4 minute read
Opinion: Ashley Browne
What I’m thinking
with Ashley Browne
Playing the political game
Football will take a back seat this weekend as the nation focuses on the federal election.
The VIP list at Richmond president Peggy O’Neal’s pre-game dinner on Saturday night stands to be a bit thinner than usual for one of the marquee games of the home and away season.
Politicians of all persuasions usually flock to the Dreamtime Game like bees to a honeypot.
Even those with only a passing interest in footy eagerly take up their invitation to get to the MCG.
Call us cynical, but Grand Final day aside, there is no other game that politicians like to be at and, more to the point, be seen at.
But not this time.
The opening bounce at the MCG on Saturday night will clash with the first returns for the 2022 federal election and politicians everywhere will have their eyes glued to a contest of a different type, one that even we at the Record concede is more important than the nine games to be played this weekend.
It has created a dilemma for Channel Seven, the long-time broadcaster of the Dreamtime Game. For the first time in three years, the game is back at its birthplace, the MCG.
Darwin (2020) and Perth (2021) delivered magnificent spectacles in the interim, but the MCG, with its revamped LED lightning, will stage what should be the best pre-game ceremony yet.
Seven will have to carry the lead-up and the match on a secondary station, leaving the election coverage to its main channel.
Football certainly plays its part in how people cast their votes.
At the previous federal election in 2019, which also took place during the season, about 40 per cent of votes were cast beforehand. Doubtless, many of those who voted early did so because of their football commitments.
In terms of election promises, the federal government has committed $15m to the next stage of the Whitten Oval redevelopment, which will include the proposed Western Bulldogs Community Foundation Centre, to replace the old Gent Stand, as well as a women’s health and leadership hub.
For its part, Labor has called for a review of Australia’s sports broadcasting rules, amid fears that too many AFL games will become locked behind pay TV and streaming paywalls.
It is a timely call considering the League is in the midst of negotiating its next broadcast agreement and the number of free-to-air games in the new arrangement will be closely scrutinised.
It would be a stretch to say that Prime Minister Scott Morrison and Opposition Leader Anthony Albanese are diehard fans of Australia’s national game.
Both are primarily rugby league people – Morrison of his beloved ‘Sharkies’, also known as Cronulla, while Albanese is a supporter, and former board member, of South Sydney.
When it comes to the AFL, the Opposition Leader is a Hawthorn supporter, although whether Albanese would recognise Sam Mitchell or James Sicily if they walked past him is unclear.
The Prime Minister used to claim an allegiance to the Western Bulldogs because he knows former coach Rodney Eade, but is honest enough to admit that these days he is agnostic when asked who he barracks for.
Still, both the current and prospective prime minister enjoy coming to the football when they can and those who have shared their company say their interest and knowledge passes muster unlike, say, one former Prime Minister whose passion for Collingwood ebbed and flowed depending on how his polling numbers were in Victoria.
There is always a footy angle to be found at every federal election.
The independent candidate for the bayside Melbourne seat of Goldstein is Zoe Daniel, whose father Peter Daniel played 100 games for Essendon from 1968-74.
She is a passionate Bomber who took to Twitter recently to congratulate them after their comeback win over Hawthorn.
Daniel is one of the ‘teal independents’ who might end up holding the balance of power in the next federal parliament.
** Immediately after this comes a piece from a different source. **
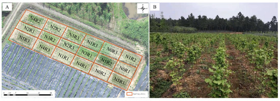 Experimental design of nitrogen application treatments for Ginkgo saplings. (A) The drone aerial photography and (B) situ photos in the experimental area.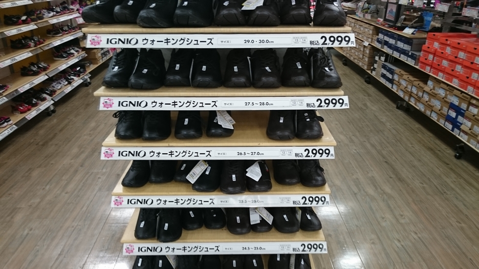 上記が、2階スポーツデポのシューズコーナーで売っている、¥3,000のウォーキングシューズです。

Monique Ryan is another and she is given a huge chance of toppling Federal Treasurer and Liberal Party Deputy Leader Josh Frydenberg in the blue-riband seat of Kooyong.
Frydenberg is regarded by some as a future Prime Minister and should he get there he would be following in the footsteps of former prime ministers Sir Robert Menzies and Malcolm Fraser, who were also diehard Carlton supporters.
It has been a long and occasionally nasty election campaign and some of the vitriol between supporters of the various parties has matched that between fans of football teams. It has looked and sounded all too familiar.
Thankfully it should be over by Monday when normal order will be restored and football will resume its rightful place … on the front page of most newspapers.
POLITICAL FOOTBALL:
Prime Minister Scott Morrison joined Bombers champion Michael Long on the walk to the ‘G for the 2019 Dreamtime Game, while (below) independent candidate Zoe Daniel is a passionate Essendon fan.